Vigil service definitions (/etc/vigil/services/<service>/{run,policy,caps}):

  • getty – console login service
  • httpd – HTTP server
  • dhcp – DHCP client
  • chronos – NTP time sync

Policy capability files (/etc/aegis/caps.d/<binary>):

  • Per-binary policy capabilities read at execve time by the security policy engine
  • Format: tier CAP1 CAP2 ... per line
  • Two tiers: service (unconditional) and admin (requires authenticated session)
  • These policy capabilities are loaded into the process’s capability table in addition to the baseline capabilities that every exec’d process receives

Directory Listings

Directories are implemented as static dir_entry_t arrays:

typedef struct { const char *name; uint8_t type; } dir_entry_t;

static const dir_entry_t s_root_entries[] = {
    { "etc", 4 }, { "bin", 4 }, { "dev", 4 }, { "lib", 4 },
    { "root", 4 }, { "tmp", 4 }, { "run", 4 }, { "proc", 4 },
    { NULL, 0 }
};

Note: /bin directory listing is not provided by initrd. The ls /bin command falls through to ext2, which shows all binaries on the disk image.

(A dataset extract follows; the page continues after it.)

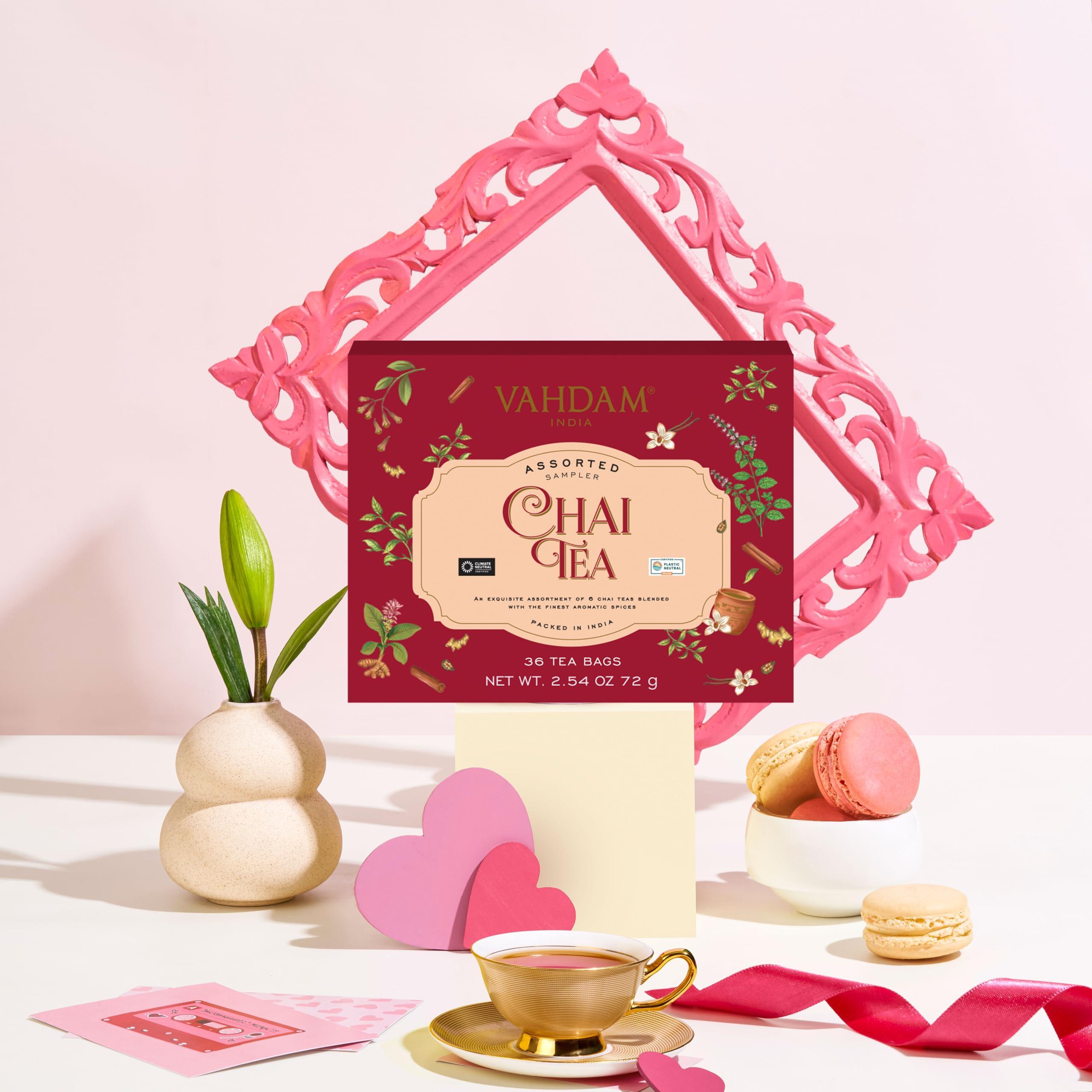 - ASSORTED CHAI TEA GIFT SET - Step into a world of tea enchantment with our exclusive & premium Chai Tea Sampler Gift Set. Savor a symphony of flavors with our diverse tea collection featuring classics like Original Masala Chai Tea, Sweet Cinnamon Masala Chai Tea, & Earl Grey Masala Chai Tea, alongside the golden warmth of Turmeric Spiced Herbal Tea, the luxurious indulgence of Vanilla Spiced Chai Tea, & the invigorating blend of Turmeric Ginger Herbal Tea.

Individual initrd files (e.g., /bin/login) are still found by exact path match.

Device Files

The initrd also handles device file opens:

Path Backend Description
/dev/tty kbd_vfs_open() Keyboard input device
/dev/urandom, /dev/random CSPRNG (random_get_bytes) Random bytes (4 KB max per read)
/dev/mouse USB HID mouse Event-based mouse input (mouse_event_t)

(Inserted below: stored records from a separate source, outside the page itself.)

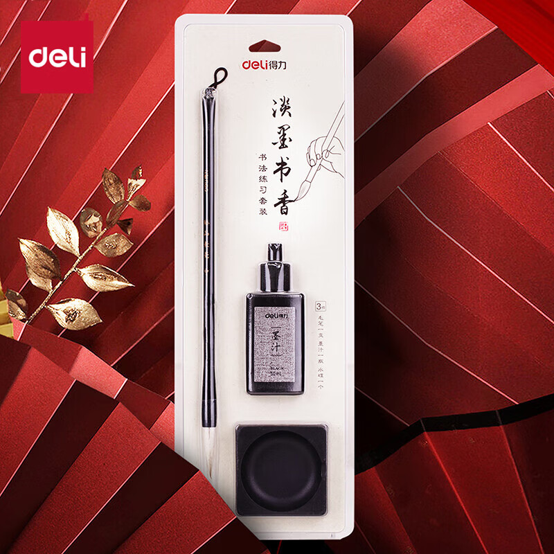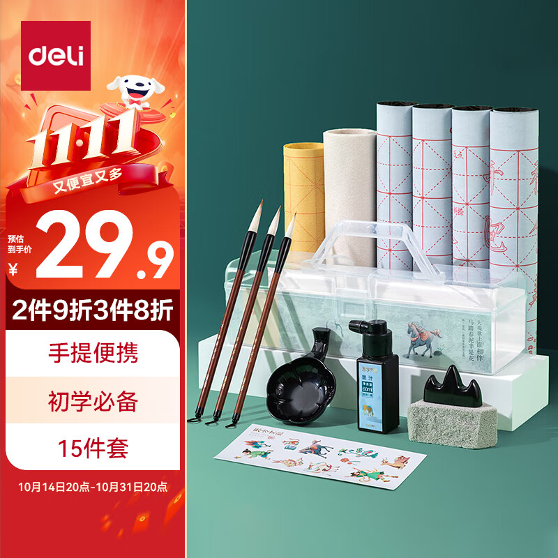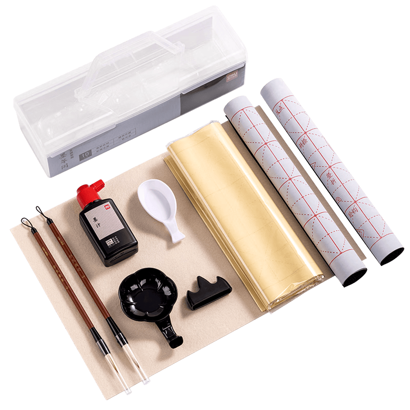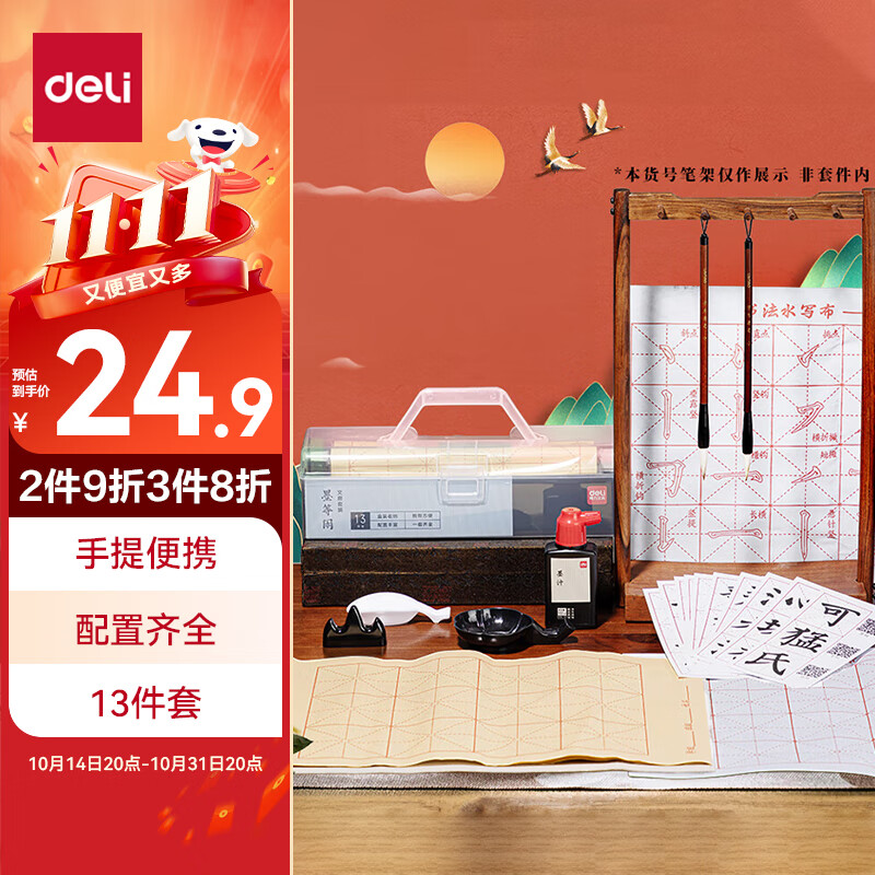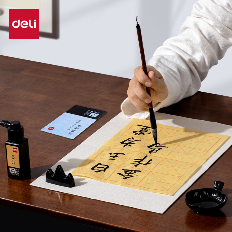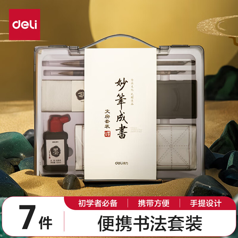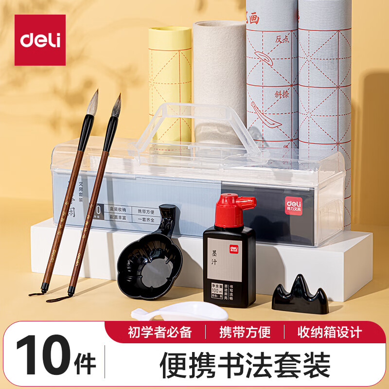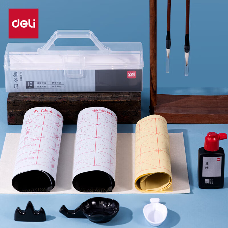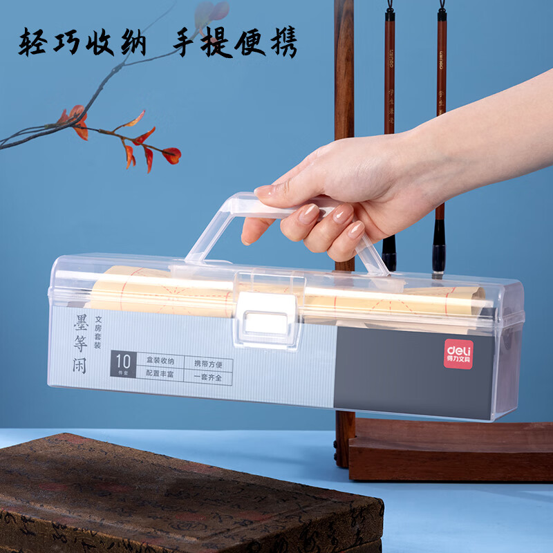 得力文房用品 书法套装文房四宝毛笔砚台书法工具初学者入门临摹 工具箱文房套装10件套礼物
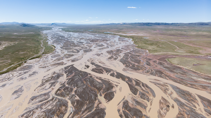 這是2019年8月9日拍攝到的位于青海省格爾木市唐古拉山鎮(zhèn)的長江正源沱沱河的照片(無人機照片)。新華社記者 吳剛 攝
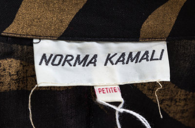 with long sleeves and front slip pockets.Labeled: Norma Kamali.
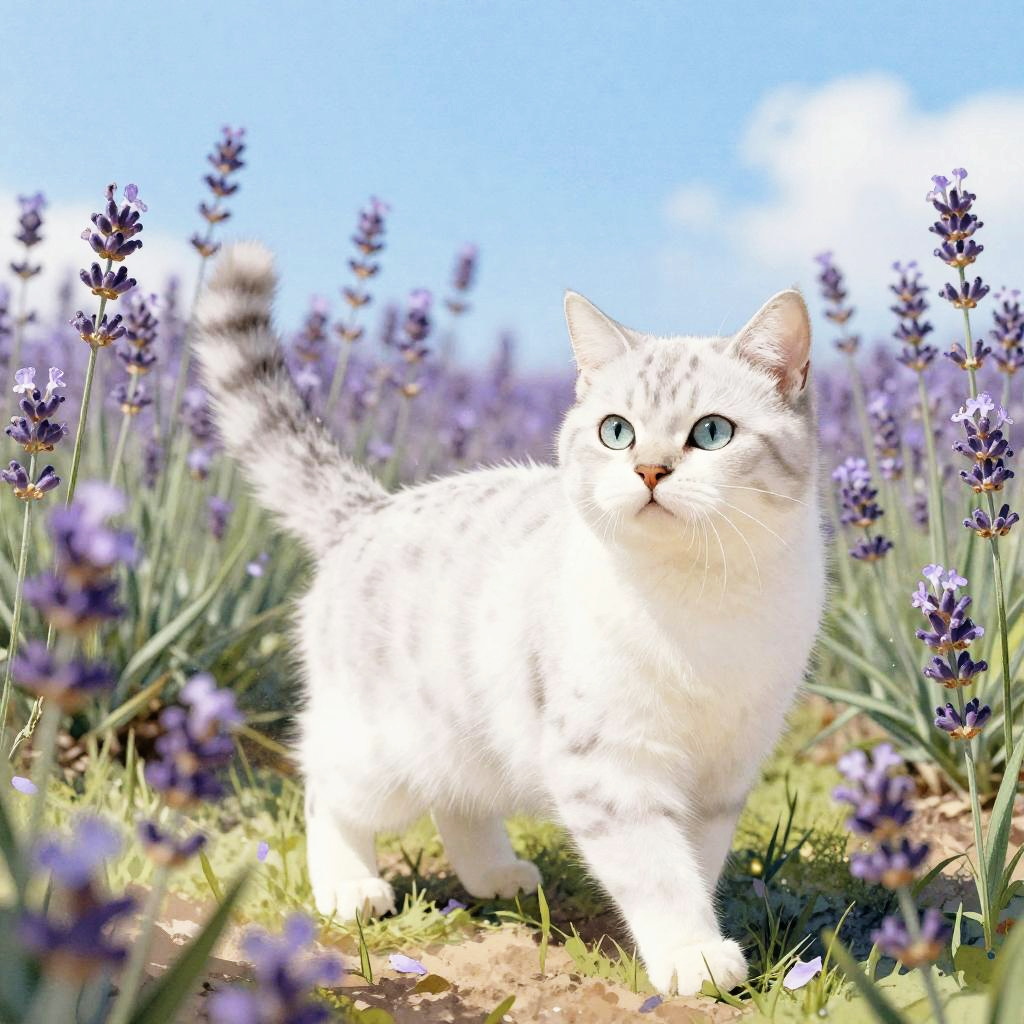 Spotted white cat playing in a field of lavender under a bright blue sky, delicate spots contrasting against the white fur, petals gently swirling around, evoking a serene springtime scene, watercolor style illustration.

/dev/urandom and /dev/random share the same backing implementation (modern Linux semantics). Writes to /dev/urandom are accepted but do not seed the pool.

/dev/mouse returns mouse_event_t structs in non-blocking mode. Returns -EAGAIN if no events are available.

Security: /etc/shadow Protection

The initrd stat function assigns /etc/shadow mode 0640 (not world-readable), while all other files get 0555. The VFS layer enforces an additional capability gate requiring the CAP_KIND_AUTH capability kind in the process’s capability table for /etc/shadow access on the initrd path, using byte-by-byte path comparison (no symlinks in initrd, so the path is canonical). Without this capability kind, the open returns ENOCAP (errno 130).

Read Path

Reads are zero-copy: the read callback copies directly from the kernel’s .rodata section via __builtin_memcpy. There is no buffer allocation or data duplication.


Console Device

Source: kernel/fs/console.c

The console is a write-only character device for /dev/console, used as stdout/stderr for user processes. It is a stateless singleton – all instances share the same ops table and priv pointer (NULL).

Output Sinks

Console output is written to three sinks simultaneously:

  1. Serial port (serial_write_string) – always active
  2. VGA text mode (vga_write_string) – active when not in quiet mode and VGA is available
  3. Framebuffer (fb_putchar) – active when not in quiet mode and FB is available

The quiet mode check (printk_get_quiet()) suppresses screen output during graphical boot to prevent boot log flash before the compositor takes over.

SMAP Safety

Console write uses a 256-byte kernel bounce buffer:

char kbuf[256];
n = min(len, 256);
n = min(n, page_boundary_distance);
copy_from_user(kbuf, buf, n);

Characters are then written one at a time to each output sink to properly handle control characters (\b, \r, \n).

VFS Interface

static const vfs_ops_t s_console_ops = {
    .read    = console_read_fn,   /* returns -ENOSYS */
    .write   = console_write_fn,
    .close   = console_close_fn,  /* no-op */
    .readdir = NULL,
    .dup     = NULL,              /* stateless */
    .stat    = console_stat_fn,   /* S_IFCHR|0600, major=5 minor=1 */
    .poll    = console_poll_fn,   /* POLLOUT always */
};

Summary: Backend Comparison

Backend Mount Point Writable Persistent Max Size Required Capability Kinds
procfs /proc/ No N/A ~4 KB/file CAP_KIND_PROC_READ (cross-pid access)
ramfs /tmp/, /run/ Yes No 4 KB/file None
Pipes Anonymous Yes No 4056 bytes None
memfd Anonymous mmap only No 8 MB None
initrd /, /bin/, /etc/, /dev/ No Yes (ROM) Varies CAP_KIND_AUTH (/etc/shadow)
Console /dev/console Write-only N/A N/A None
ext2 Root filesystem Yes Yes (NVMe) ~48 KB writable CAP_KIND_AUTH (/etc/shadow) + DAC

All backends register their vfs_ops_t tables statically. There is no dynamic filesystem registration mechanism – adding a new filesystem requires kernel code changes and recompilation.